The requisite causal connection for liability may be found, even without a supervisor's overt personal participation, in several circumstances. For instance, this "causal connection may be established when an official sets in motion a 'series of acts by others which the actor knows or reasonably should know would cause others to inflict' constitutional harms." Preschooler II v. Davis, 479 F.3d 1175, 1183 (9th Cir. 2007). The requisite causal connection may also be found where the supervisor "knowingly refused to terminate a series of acts by others, which [the supervisor] knew or reasonably should have known would cause others to inflict constitutional injury." Dubner v.

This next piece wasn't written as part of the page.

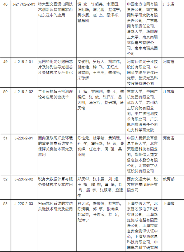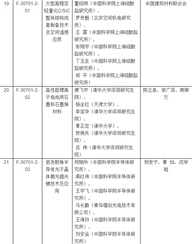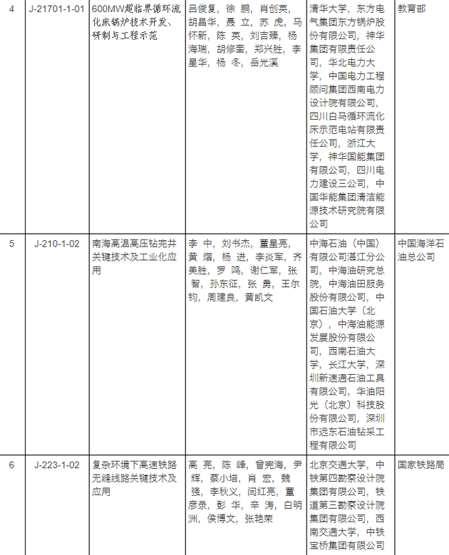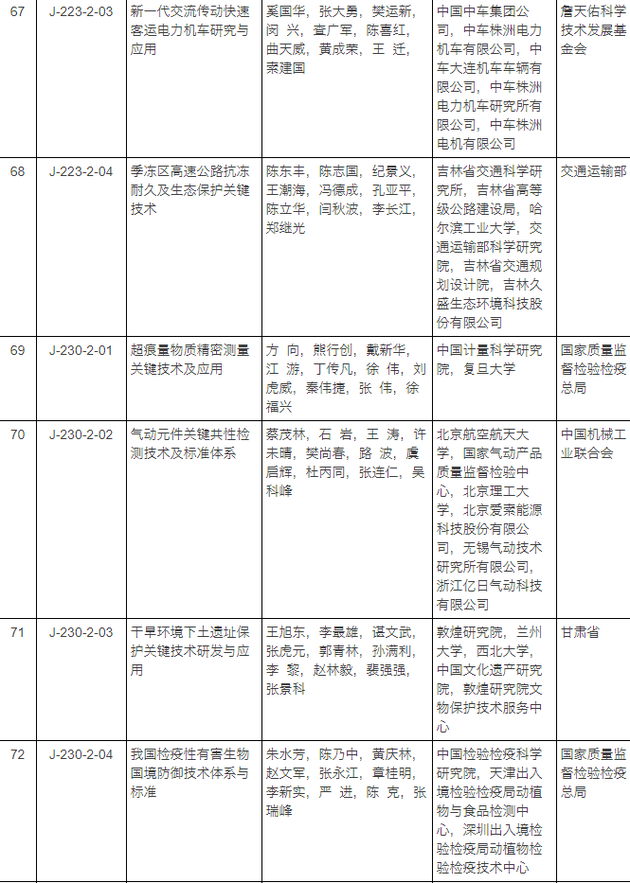2017年度国家科学技术进步奖获奖项目名单

City & Cnty. of San Francisco, 266 F.3d 959, 968 (9th Cir. 2001). The requisite causal connection also exists where a supervisory official implements a policy that he knows or reasonably should know is so deficient that the policy itself is a repudiation of constitutional rights and is the moving force of the constitutional violation. Redman, 942 F.2d at 1446-47 (citing Thompkins v. Belt, 828 F.2d 298, 303-04 (9th Cir. 1989) and Johnson v. Duffy, 588 F.2d 740, 743-44 (9th Cir. 1978)). Liability may be appropriate where the policymakers and supervisors have actual or constructive notice of the deficiency.
Clement v. Gomez, 2298 F.3d 898, 905 (9th Cir. 2002) (citing Farmer v. Brennan, 511 U.S. 825 (1970)).*fn1
This causal link between a supervisor and the claimed constitutional violation must be specifically alleged. See Fayle v. Stapley, 607 F.2d 858, 862 (9th Cir. 1979); Mosher v. Saalfeld, 589 F.2d 438, 441 (9th Cir. 1978). Vague and conclusory allegations concerning the involvement of official personnel in civil rights violations are not sufficient. See Ivey v. Board of Regents, 673 F.2d 266, 268 (9th Cir. 1982).

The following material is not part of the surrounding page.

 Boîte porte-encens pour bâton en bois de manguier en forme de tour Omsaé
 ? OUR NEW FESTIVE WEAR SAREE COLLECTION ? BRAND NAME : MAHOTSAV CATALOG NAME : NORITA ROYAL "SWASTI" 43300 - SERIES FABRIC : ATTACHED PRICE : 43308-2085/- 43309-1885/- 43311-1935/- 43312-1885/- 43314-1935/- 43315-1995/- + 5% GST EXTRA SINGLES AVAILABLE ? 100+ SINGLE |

Finally, plaintiff is informed that the court cannot refer to a prior pleading in order to make plaintiff's amended complaint complete. Local Rule 15-220 requires that an amended complaint be complete in itself without reference to any prior pleading. This is because, as a general rule, an amended complaint supersedes the original complaint. See Loux v. Rhay, 375 F.2d 55, 57 (9th Cir. 1967). Once plaintiff files an amended complaint, the original pleading no longer serves any function in the case.

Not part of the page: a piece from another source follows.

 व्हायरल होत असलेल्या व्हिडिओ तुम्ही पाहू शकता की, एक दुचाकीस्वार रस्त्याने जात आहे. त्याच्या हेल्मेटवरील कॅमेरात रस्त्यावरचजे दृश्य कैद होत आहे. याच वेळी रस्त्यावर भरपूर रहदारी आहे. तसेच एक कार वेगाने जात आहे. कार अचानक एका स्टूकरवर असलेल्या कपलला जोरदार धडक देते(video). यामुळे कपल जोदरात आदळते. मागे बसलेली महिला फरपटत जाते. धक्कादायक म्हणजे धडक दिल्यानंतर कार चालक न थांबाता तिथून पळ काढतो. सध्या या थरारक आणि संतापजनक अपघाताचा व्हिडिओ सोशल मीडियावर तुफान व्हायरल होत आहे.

Accordingly, IT IS HEREBY ORDERED that plaintiff's complaint filed November 2, 2010 is dismissed. Plaintiff is granted thirty days from the date of service of this order to file an amended complaint only with respect to his claim that defendant Traquina was responsible for an institutional policy of failing to provide blood pressure screening to inmates when the prison was on lockdown.*fn2 Any amended complaint that plaintiff elects to file must comply with the requirements of the Civil Rights Act, the Federal Rules of Civil Procedure, and the Local Rules of Practice. An amended complaint must bear the docket number assigned to this case and be labeled "Amended Complaint." Finally, failure to file an amended complaint in accordance with this order will result in a recommendation that this action be dismissed.